→ PROBLEM DESCRIPTION: All of the lines below need to be copied exactly, apart from the pictures.

→ PROVIDED DATA:
━━━
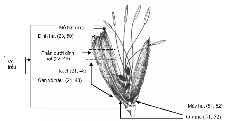 | 21. (+) VS QN | Vỏ trấu: Sắc tố antoxian của gân (quan sát sớm) Lemma: Anthocyanin coloration of keel (early observation) | 65 | Không có hoặc rất nhạt Nhạt Trung bình Đậm | 1 3 5 7 |
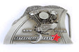 Motorcyclepedia belt buckle with silver patina finish. Has New York red star and Panhead motor detail. Reproduction of the original belt buckles of the 1980's and 1990's!
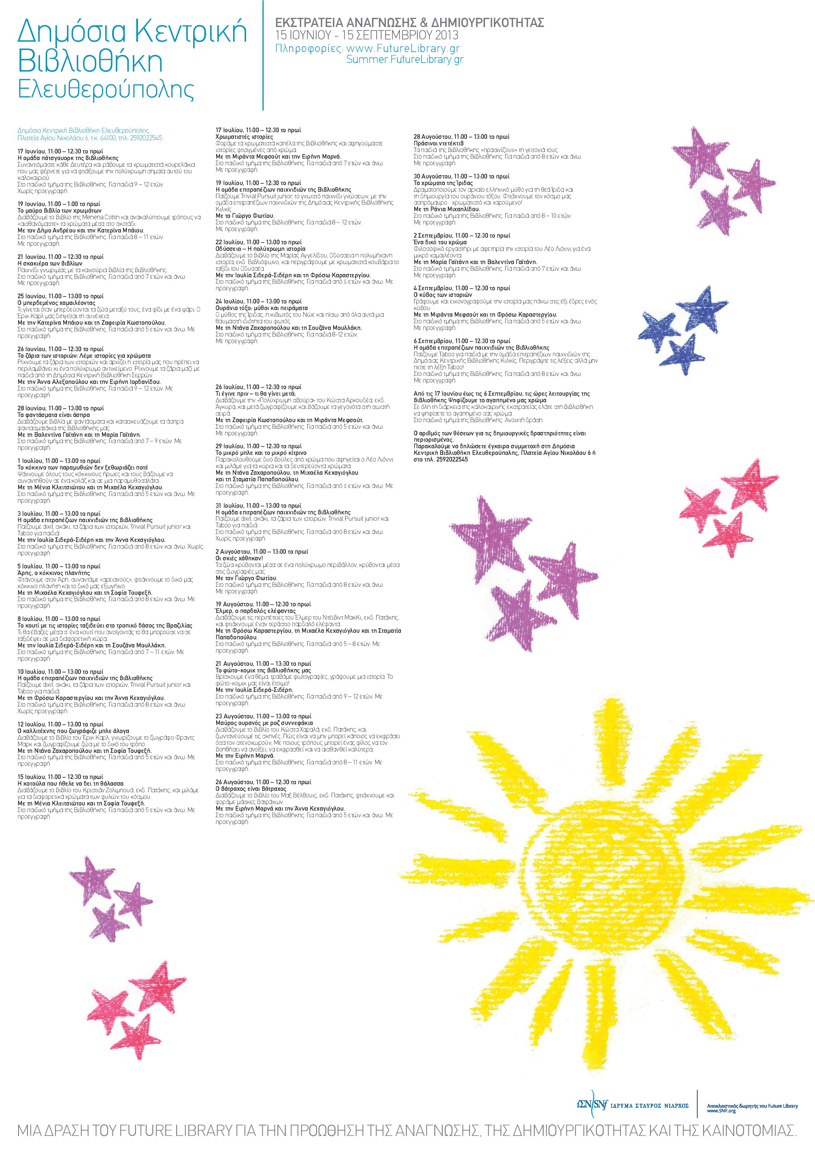 Από τις 17 Ιουνίου έως τις 6 Σεπτεμβρίου, το παιδικό τμήμα της Βιβλιοθήκης θα γίνει ο χώρος συνάντησης των παιδιών της ευρύτερης περιοχής της Ελευθερούπολης και της Καβάλας. Οι μικροί βιβλιόφιλοι θα έχουν την ευκαιρία να συμμετέχουν σε αφηγήσεις ιστοριών, εικαστικά εργαστήρια, δραματοποιήσεις παραμυθιών και ιστοριών, πειράματα και γενικότερα σε δράσεις που ενθαρρύνουν και καλλιεργούν τη δημιουργική έκφραση. Επιπλέον, θα υπάρχουν δράσεις όπου τα παιδιά θα παίζουν επιτραπέζια παιχνίδια και μάλιστα κάποιες φορές με παιδιά από άλλες βιβλιοθήκες, μέσω skype! Η είσοδος σε όλες τις εκδηλώσεις είναι δωρεάν, αλλά θα τηρείται σειρά προτεραιότητας σε περίπτωση που η προσέλευση είναι πολύ μεγάλη. Οι εκδηλώσεις πραγματοποιούνται με την αμέριστη βοήθεια εμψυχωτών που συμμετέχουν εθελοντικά.
━━━
→ EXERCISE RESULT:
 | 21. (+) VS QN | Vỏ trấu: Sắc tố antoxian của gân (quan sát sớm) Lemma: Anthocyanin coloration of keel (early observation) | 65 | Không có hoặc rất nhạt Nhạt Trung bình Đậm | 1 3 5 7 |
 Motorcyclepedia belt buckle with silver patina finish. Has New York red star and Panhead motor detail. Reproduction of the original belt buckles of the 1980's and 1990's!
 Από τις 17 Ιουνίου έως τις 6 Σεπτεμβρίου, το παιδικό τμήμα της Βιβλιοθήκης θα γίνει ο χώρος συνάντησης των παιδιών της ευρύτερης περιοχής της Ελευθερούπολης και της Καβάλας. Οι μικροί βιβλιόφιλοι θα έχουν την ευκαιρία να συμμετέχουν σε αφηγήσεις ιστοριών, εικαστικά εργαστήρια, δραματοποιήσεις παραμυθιών και ιστοριών, πειράματα και γενικότερα σε δράσεις που ενθαρρύνουν και καλλιεργούν τη δημιουργική έκφραση. Επιπλέον, θα υπάρχουν δράσεις όπου τα παιδιά θα παίζουν επιτραπέζια παιχνίδια και μάλιστα κάποιες φορές με παιδιά από άλλες βιβλιοθήκες, μέσω skype! Η είσοδος σε όλες τις εκδηλώσεις είναι δωρεάν, αλλά θα τηρείται σειρά προτεραιότητας σε περίπτωση που η προσέλευση είναι πολύ μεγάλη. Οι εκδηλώσεις πραγματοποιούνται με την αμέριστη βοήθεια εμψυχωτών που συμμετέχουν εθελοντικά.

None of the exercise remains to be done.